*** Opening of Given entries ***

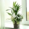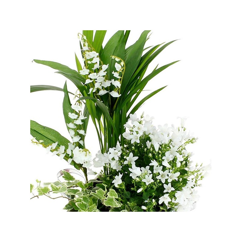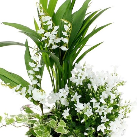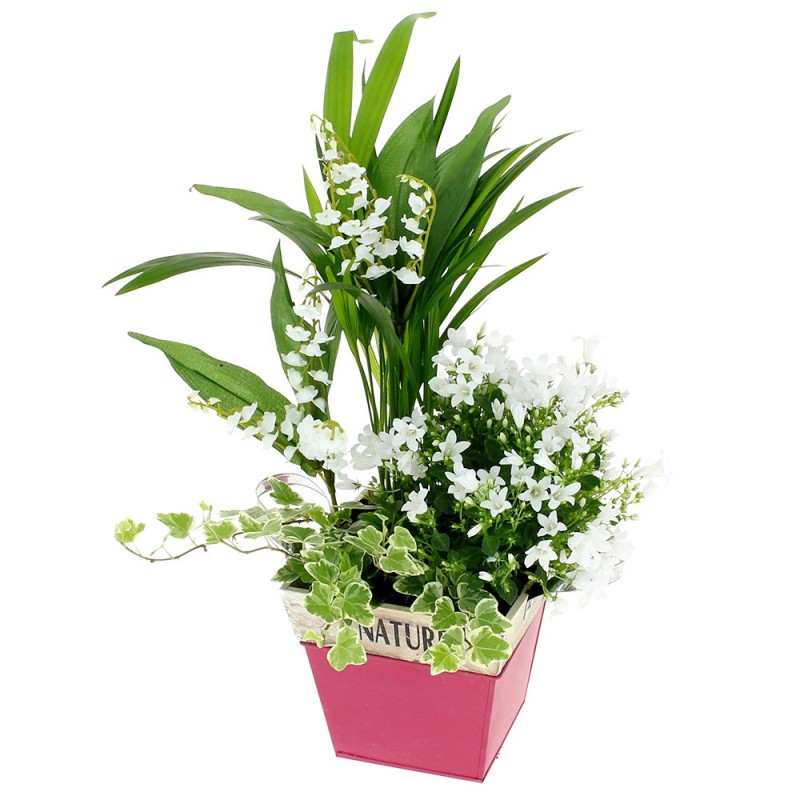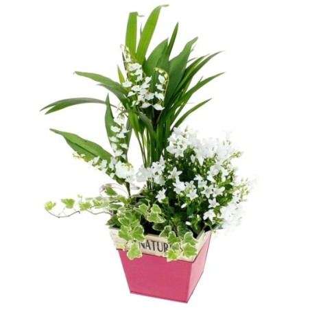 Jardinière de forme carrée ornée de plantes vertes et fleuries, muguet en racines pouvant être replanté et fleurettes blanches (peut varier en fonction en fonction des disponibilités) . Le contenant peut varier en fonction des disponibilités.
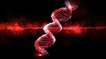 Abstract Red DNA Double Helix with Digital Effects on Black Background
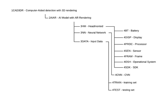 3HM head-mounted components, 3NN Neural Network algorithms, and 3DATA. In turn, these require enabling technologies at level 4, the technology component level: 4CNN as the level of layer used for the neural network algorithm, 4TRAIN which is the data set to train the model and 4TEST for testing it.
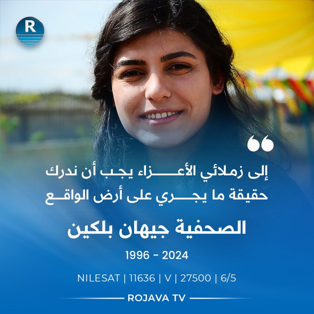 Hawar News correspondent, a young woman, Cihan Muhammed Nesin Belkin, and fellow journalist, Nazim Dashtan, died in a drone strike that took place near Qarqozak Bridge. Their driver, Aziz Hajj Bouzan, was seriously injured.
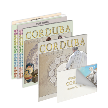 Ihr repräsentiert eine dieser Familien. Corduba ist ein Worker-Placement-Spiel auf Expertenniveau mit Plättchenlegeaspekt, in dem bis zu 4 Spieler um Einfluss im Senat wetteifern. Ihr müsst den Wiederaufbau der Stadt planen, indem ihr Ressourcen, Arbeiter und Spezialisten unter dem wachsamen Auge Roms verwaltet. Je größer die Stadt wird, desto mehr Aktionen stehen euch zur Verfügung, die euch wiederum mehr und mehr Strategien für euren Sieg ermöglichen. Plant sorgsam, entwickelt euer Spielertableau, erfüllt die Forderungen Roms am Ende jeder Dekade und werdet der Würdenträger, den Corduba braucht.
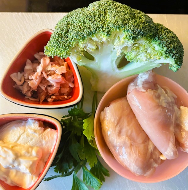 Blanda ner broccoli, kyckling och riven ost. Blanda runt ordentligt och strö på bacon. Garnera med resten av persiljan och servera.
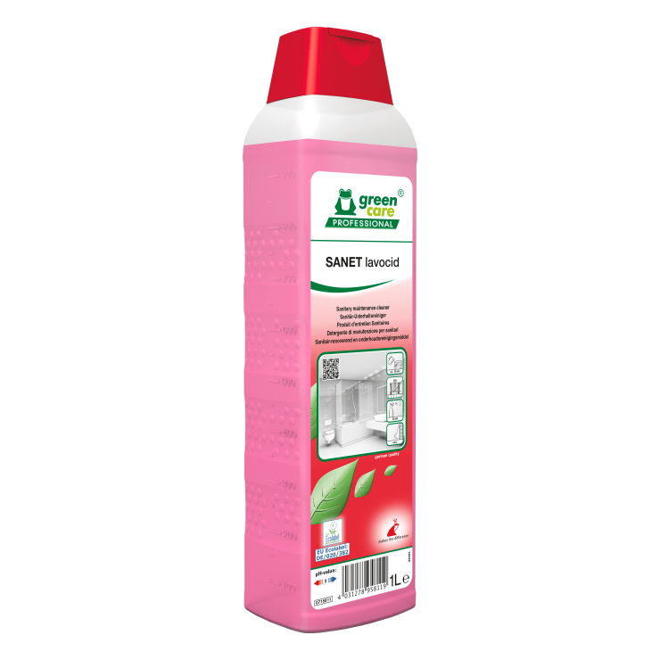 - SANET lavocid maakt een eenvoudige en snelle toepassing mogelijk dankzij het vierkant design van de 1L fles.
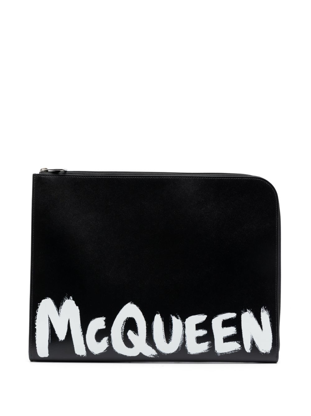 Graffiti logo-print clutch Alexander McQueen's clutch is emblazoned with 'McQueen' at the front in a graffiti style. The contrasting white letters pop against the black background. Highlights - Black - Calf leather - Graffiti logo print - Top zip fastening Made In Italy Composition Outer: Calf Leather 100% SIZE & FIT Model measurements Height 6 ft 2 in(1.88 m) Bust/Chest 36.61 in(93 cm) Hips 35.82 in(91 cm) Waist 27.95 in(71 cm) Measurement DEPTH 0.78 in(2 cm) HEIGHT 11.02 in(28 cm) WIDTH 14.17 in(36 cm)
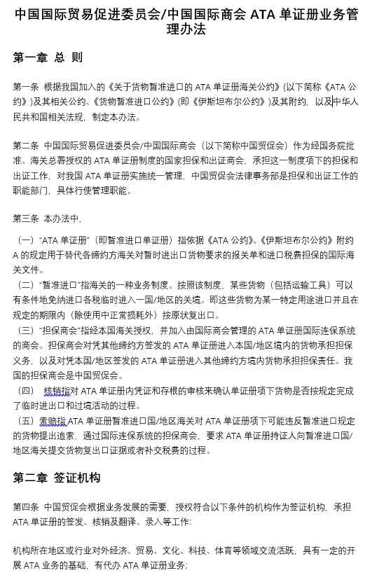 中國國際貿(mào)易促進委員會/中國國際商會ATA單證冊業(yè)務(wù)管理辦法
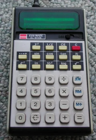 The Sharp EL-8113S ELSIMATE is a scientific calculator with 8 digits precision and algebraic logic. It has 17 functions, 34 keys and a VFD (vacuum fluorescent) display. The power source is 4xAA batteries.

*** Close of Given entries ***

Prompt
Exact repeats of the lines from the first one in the data through the line containing "- SANET lavocid" make up the answer. Pictures do not.

Written response
 Jardinière de forme carrée ornée de plantes vertes et fleuries, muguet en racines pouvant être replanté et fleurettes blanches (peut varier en fonction en fonction des disponibilités) . Le contenant peut varier en fonction des disponibilités.
 Abstract Red DNA Double Helix with Digital Effects on Black Background
 3HM head-mounted components, 3NN Neural Network algorithms, and 3DATA. In turn, these require enabling technologies at level 4, the technology component level: 4CNN as the level of layer used for the neural network algorithm, 4TRAIN which is the data set to train the model and 4TEST for testing it.
 Hawar News correspondent, a young woman, Cihan Muhammed Nesin Belkin, and fellow journalist, Nazim Dashtan, died in a drone strike that took place near Qarqozak Bridge. Their driver, Aziz Hajj Bouzan, was seriously injured.
 Ihr repräsentiert eine dieser Familien. Corduba ist ein Worker-Placement-Spiel auf Expertenniveau mit Plättchenlegeaspekt, in dem bis zu 4 Spieler um Einfluss im Senat wetteifern. Ihr müsst den Wiederaufbau der Stadt planen, indem ihr Ressourcen, Arbeiter und Spezialisten unter dem wachsamen Auge Roms verwaltet. Je größer die Stadt wird, desto mehr Aktionen stehen euch zur Verfügung, die euch wiederum mehr und mehr Strategien für euren Sieg ermöglichen. Plant sorgsam, entwickelt euer Spielertableau, erfüllt die Forderungen Roms am Ende jeder Dekade und werdet der Würdenträger, den Corduba braucht.
 Blanda ner broccoli, kyckling och riven ost. Blanda runt ordentligt och strö på bacon. Garnera med resten av persiljan och servera.
 - SANET lavocid maakt een eenvoudige en snelle toepassing mogelijk dankzij het vierkant design van de 1L fles.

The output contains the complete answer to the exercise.